ASSIGNMENT
Everything from the line containing "kit accessori contenuti" through the last line of the data below is to be retyped exactly, apart from the pictures.

DATASET EXTRACT
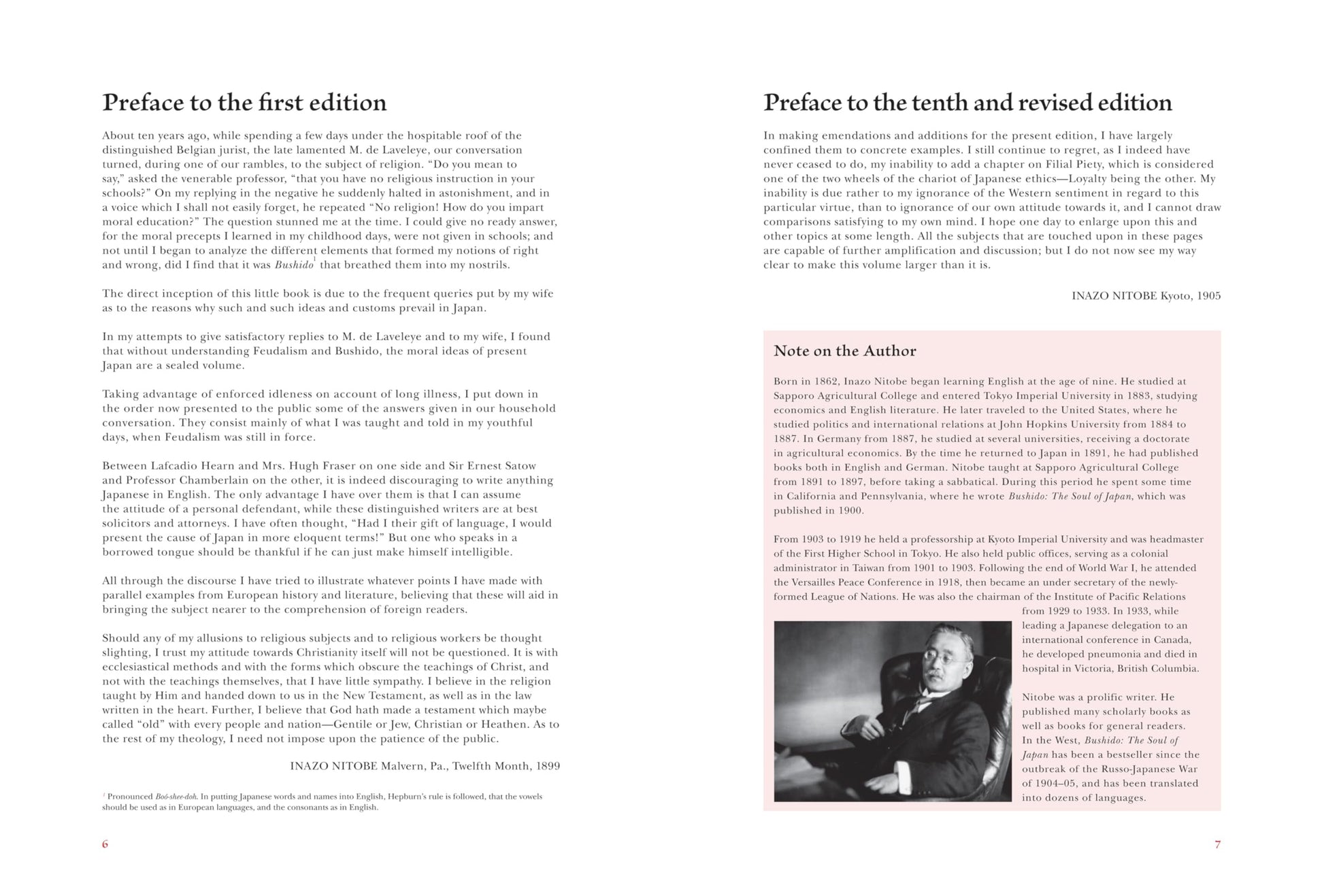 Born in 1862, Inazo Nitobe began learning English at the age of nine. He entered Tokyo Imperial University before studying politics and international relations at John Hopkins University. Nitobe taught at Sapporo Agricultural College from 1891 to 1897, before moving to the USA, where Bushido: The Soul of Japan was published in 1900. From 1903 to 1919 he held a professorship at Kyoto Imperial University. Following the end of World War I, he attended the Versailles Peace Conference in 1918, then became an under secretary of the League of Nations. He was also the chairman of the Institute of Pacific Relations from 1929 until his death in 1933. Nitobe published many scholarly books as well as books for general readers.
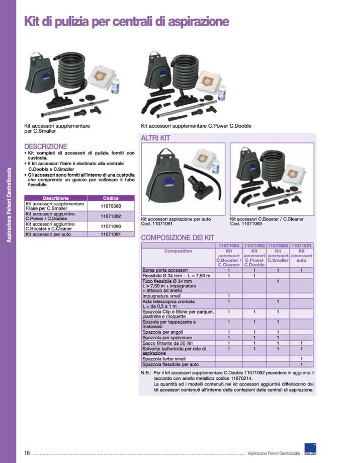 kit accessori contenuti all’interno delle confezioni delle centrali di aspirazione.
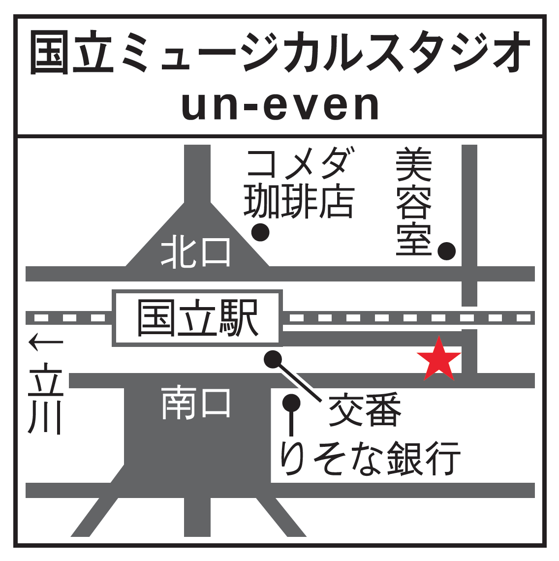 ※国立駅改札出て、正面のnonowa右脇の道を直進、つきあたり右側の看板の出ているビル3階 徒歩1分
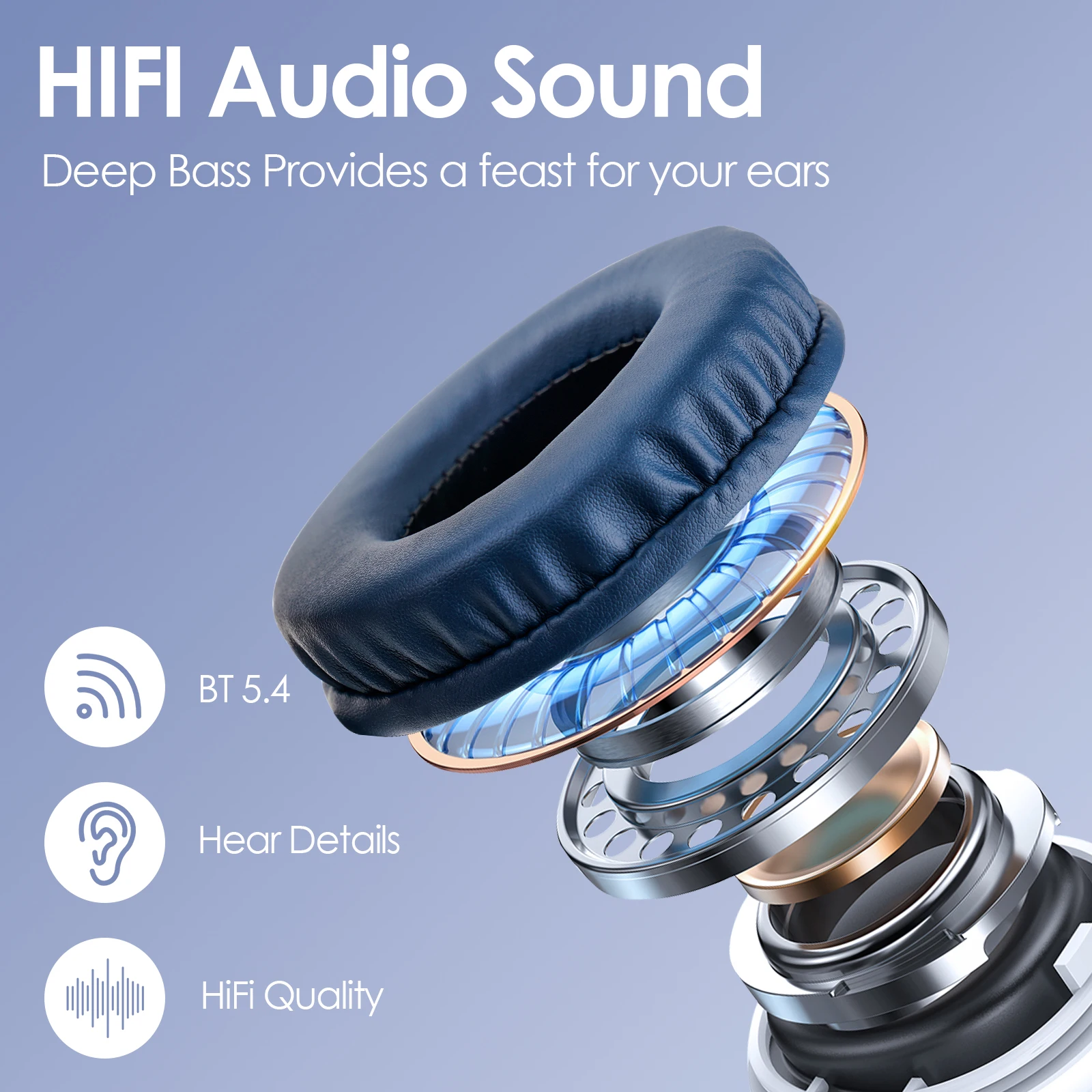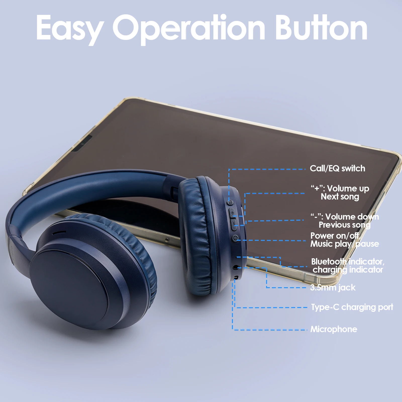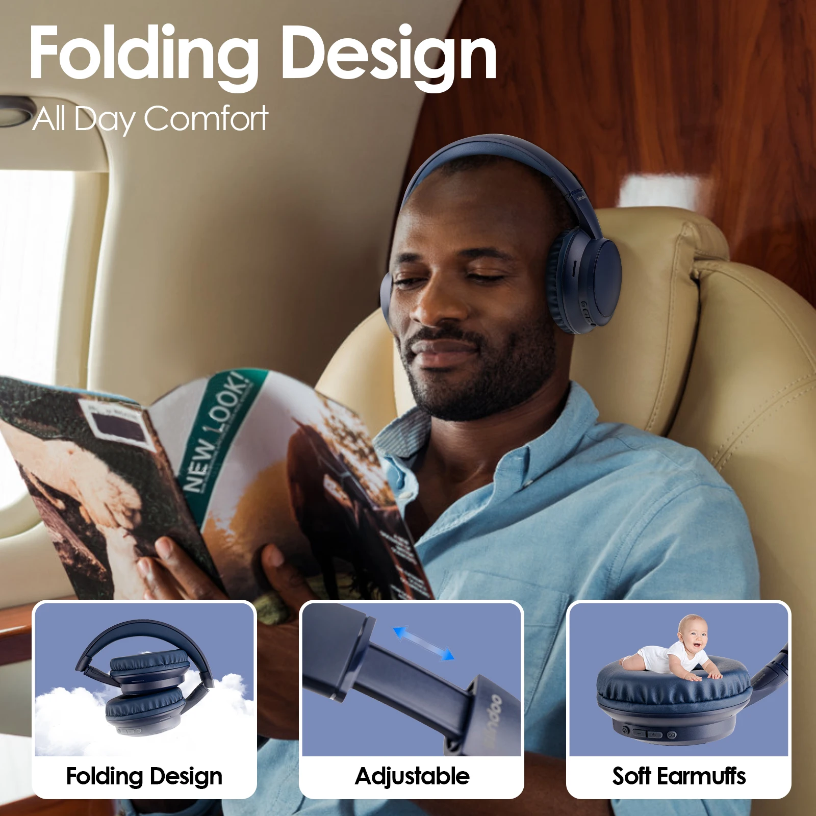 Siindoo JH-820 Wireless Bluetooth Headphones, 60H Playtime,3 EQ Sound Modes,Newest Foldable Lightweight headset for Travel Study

RESULT FOR THIS TASK
 kit accessori contenuti all’interno delle confezioni delle centrali di aspirazione.
 ※国立駅改札出て、正面のnonowa右脇の道を直進、つきあたり右側の看板の出ているビル3階 徒歩1分
 Siindoo JH-820 Wireless Bluetooth Headphones, 60H Playtime,3 EQ Sound Modes,Newest Foldable Lightweight headset for Travel Study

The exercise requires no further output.